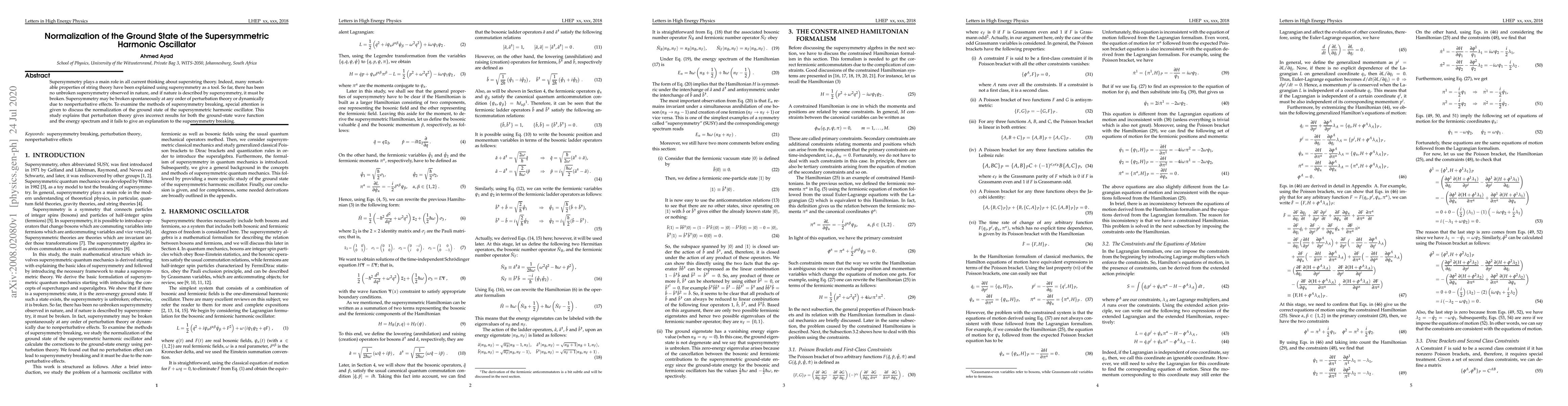 Supersymmetry plays a main role in all current thinking about superstring theory. Indeed, many remarkable properties of string theory have been explained using supersymmetry as a tool. So far, there has been no unbroken supersymmetry observed in nature, and if nature is described by supersymmetry, it must be broken. Supersymmetry may be broken spontaneously at any order of perturbation theory or dynamically due to nonperturbative effects. To examine the methods of supersymmetry breaking, special attention is given to discuss the normalization of the ground state of the supersymmetric harmonic oscillator. This study explains that perturbation theory gives incorrect results for both the ground-state wave function and the energy spectrum and it fails to give an explanation to the supersymmetry breaking.
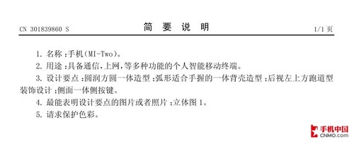 小米MI-Two外观专利说明
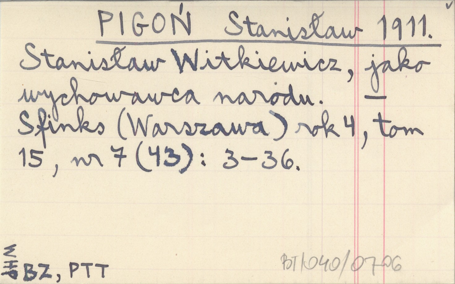 PIGOŃ Stanisław 1911 Stanisław Witkiewicz, jako wychowawca narodu.
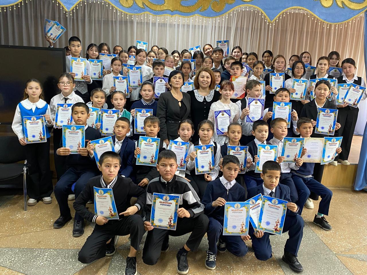Соның ішінде мектеп бойынша 28 оқушы жеңімпаз атанып, оның ішінде 11 оқушы қалалық олимпиадаға жолдама алды. Мектепшілік олимпиаданың жеңімпаздары мектеп директоры С.Ботамкулованың атынан грамоталармен марапатталды.
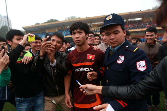 | Công Phượng - người ghi bàn thắng ấn định tỉ số trận đấu bị khán giả vây quay để xin chụp ảnh. Ảnh: Nam Khánh |
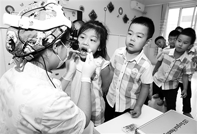 9月19日,医护人员在石家庄市第一幼儿园为小朋友检查口腔。
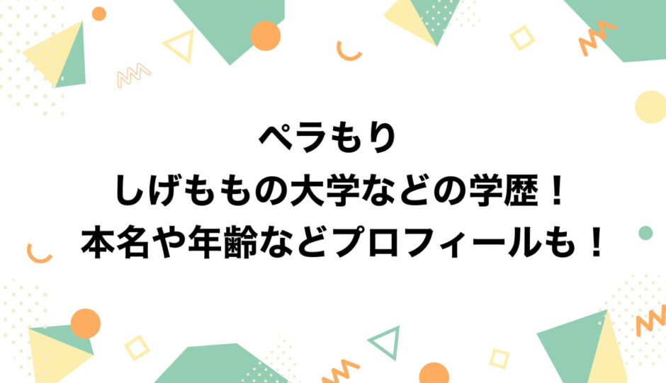 なんて疑問をお持ちのアナタのために、しげももさんの学歴やプロフィールを調査・まとめました!
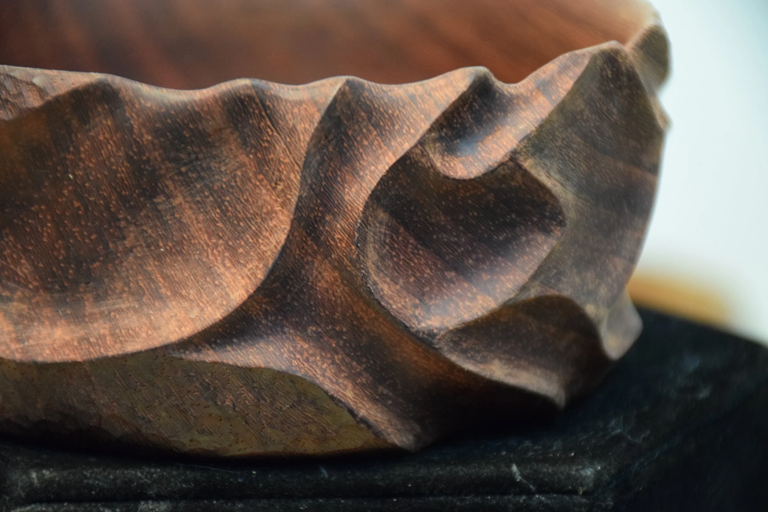Your choice of domestic or exotic wood, exterior texture carved by hand to smooth sanded finish, raw cut finish, or a combination of the two. Option of gemstone or precious metal inlays available.
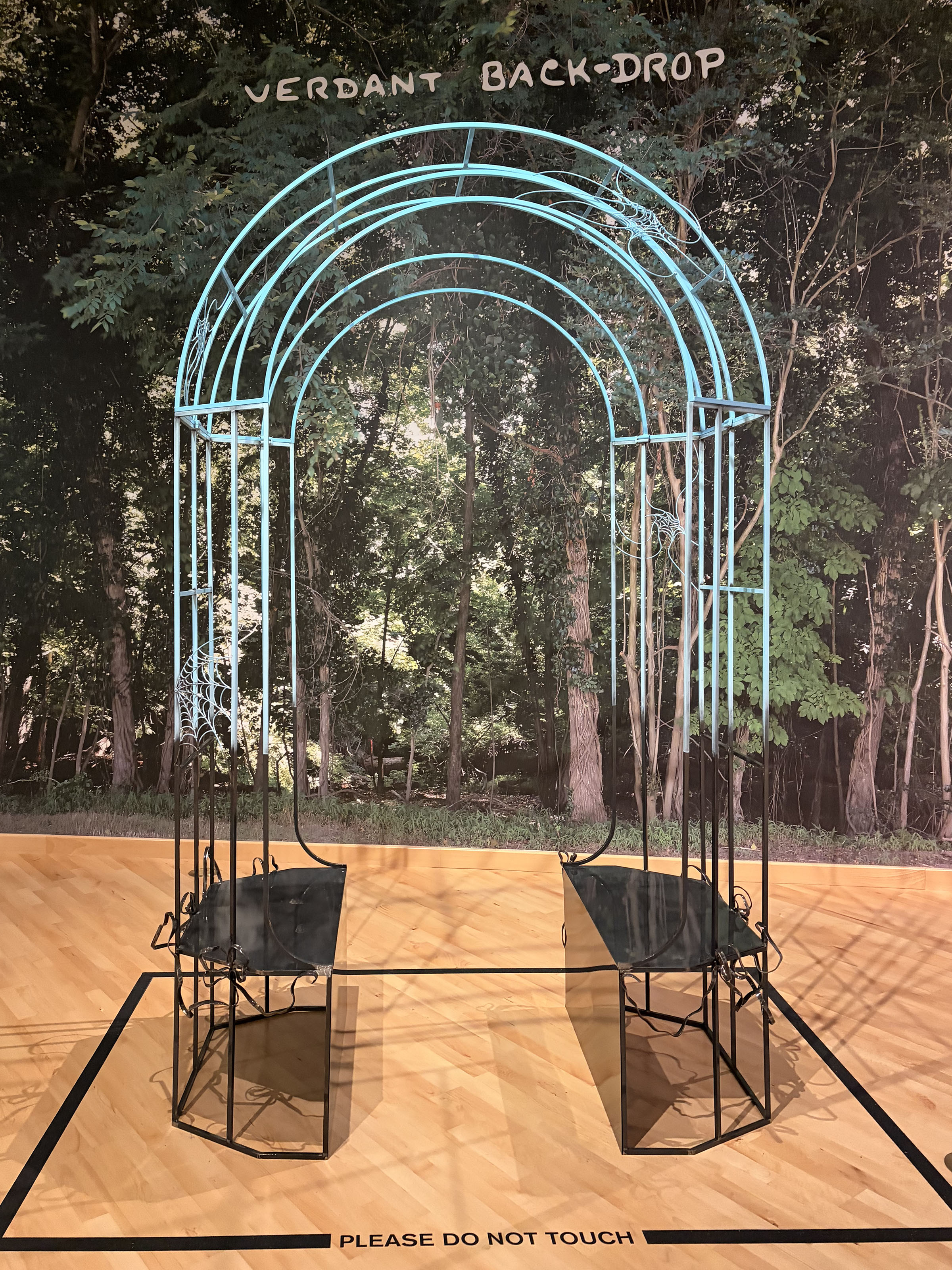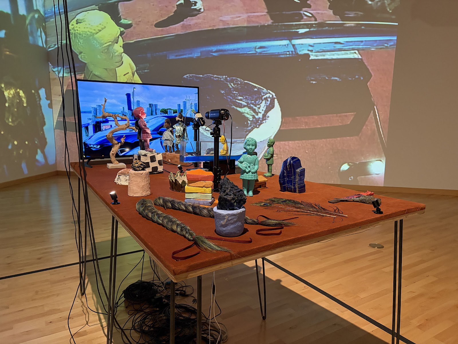Cauleen Smith's video installation is an immersive two-channel video incorporating video from Sag Harbor and live feeds from objects on a table. The mineral specimens include the blue stone azurite, and the braids were inspired by the hairstyle of the architect in a photo, lounging on the beach. For Meredith Azurest was a place where "the deep blue sky of hope meets the space of comfort."
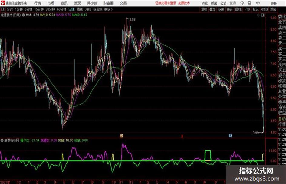 BIAS1:=MA((CLOSE-MA(CLOSE,13))/MA(CLOSE,13),3)*100,colorwhite;BIAS3:=MA((CLOSE-MA(CLOSE,27))/MA(CLOSE,27),3)*100,COLORFF00FF,LINETHICK2;操作区:IF(BIAS3<0,BIAS3,0),COLOR00EE00,LINETHICK2;观望区:IF(BIAS3>0,BIAS3,0),COLORFF00FF,LINETHICK2;见底:IF(BIAS3<-15,10,0),LINETHICK2,coloryellow;抄底:IF(COUNT(BIAS3<0,8)>=8 AND COUNT(BIAS3>0,34)>13 AND COUNT(BIAS3<0,55)>30,15,0),LINETHICK3;

============

-- EXERCISE PROMPT --
Among the entries above, take the lines from the one with "なんて疑問をお持ちのアナタの" through the one with "Your choice of" and retype them exactly, leaving out the pictures.

-- ANSWER SECTION --
 なんて疑問をお持ちのアナタのために、しげももさんの学歴やプロフィールを調査・まとめました!
Your choice of domestic or exotic wood, exterior texture carved by hand to smooth sanded finish, raw cut finish, or a combination of the two. Option of gemstone or precious metal inlays available.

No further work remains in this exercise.